The colonel, in his nighttime sweats, the exec still in camos, and S-2, also still in camos, sat around the working table under the now-dead monitor on which they’d watched the fate of 2-2 play out. Cigarettes were consumed, and the colonel had the whiff—just the tiniest—of bourbon to him.
“Should we notify higher HQ, sir? The Agency liaison? At least helos at Ripley so we can put a bird airborne to get him out if he calls in again and needs emergency extract, no matter what he says tonight.”
“Negative, negative,” said the colonel. “I don’t like the way they were jumped and that the shooters knew exactly who they were.”
“Sir, it could have just been Taliban assholes. They’ll shoot up anything and say it was God’s will.”
“These guys were not Taliban. They were too disciplined. They were all in prone, they were in a good tactical array, when they moved, they moved professionally, not like hadjis going to a book burning.
And let’s not forget: they hit the target. No, we’ll keep this to ourselves. It’s our party, we invented it, it’s our man, our materiel, our mission. No, this is for us. Tomorrow I want a patrol in force to head out on the road to Qalat and I want a lot of other smaller patrol activity in that sector. I want Humvees all over the place, lots of corpsmen and sniper teams. Lots of marine presence and I want the troops on the alert in case Ray needs help fast or needs a place to go to with a pack of hadjis on his ass.”
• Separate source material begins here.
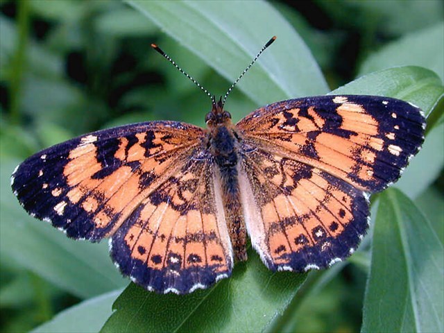 Silvery Checkerspots are usually found on their larval food plant, the Black-eyed Susan. They rest with their wings closed up, showing a lighter coloration on the bottom of their wings. They fly quickly and usually in a straight path to their next resting place. Look for them at waist level as they tend to fly lower to the ground than other butterflies. Adults are very active from spring to autumn. They can be found in meadows, fields, nature trails, gardens and woodlands.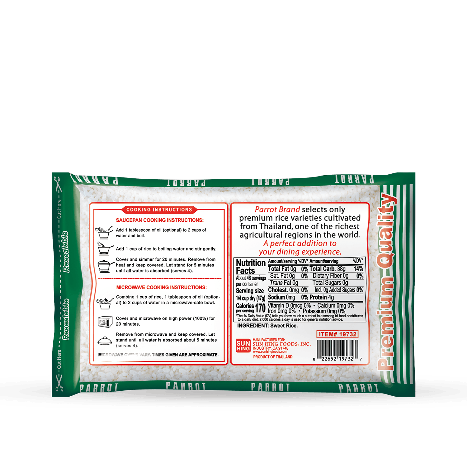 Parrot Brand selects only premium rice varieties cultivated from the deltas of Thailand, one of the richest agricultural regions in the world. A perfect addition to your dining experience.

“Yes, sir,” said the exec. “I’ll draft the orders.”
The colonel turned to S-2.
“Will we be able to eyeball him from above at that time tomorrow, or is the satellite somewhere helpful, like Hawaii or Omaha?”
“We only get real-time satfeed from 1400 through about 1530 tomorrow, sir.”
“Ach,” said the colonel. “That is not pleasing. S-Two, try to think of something that might please me. Think real hard. I know you can do it.”
“Sir, I can request that the Agency task a recon Predator tomorrow and get us a real-time feed while this thing is going down.”
“And what are our chances that these wonderful folks will cooperate with us?”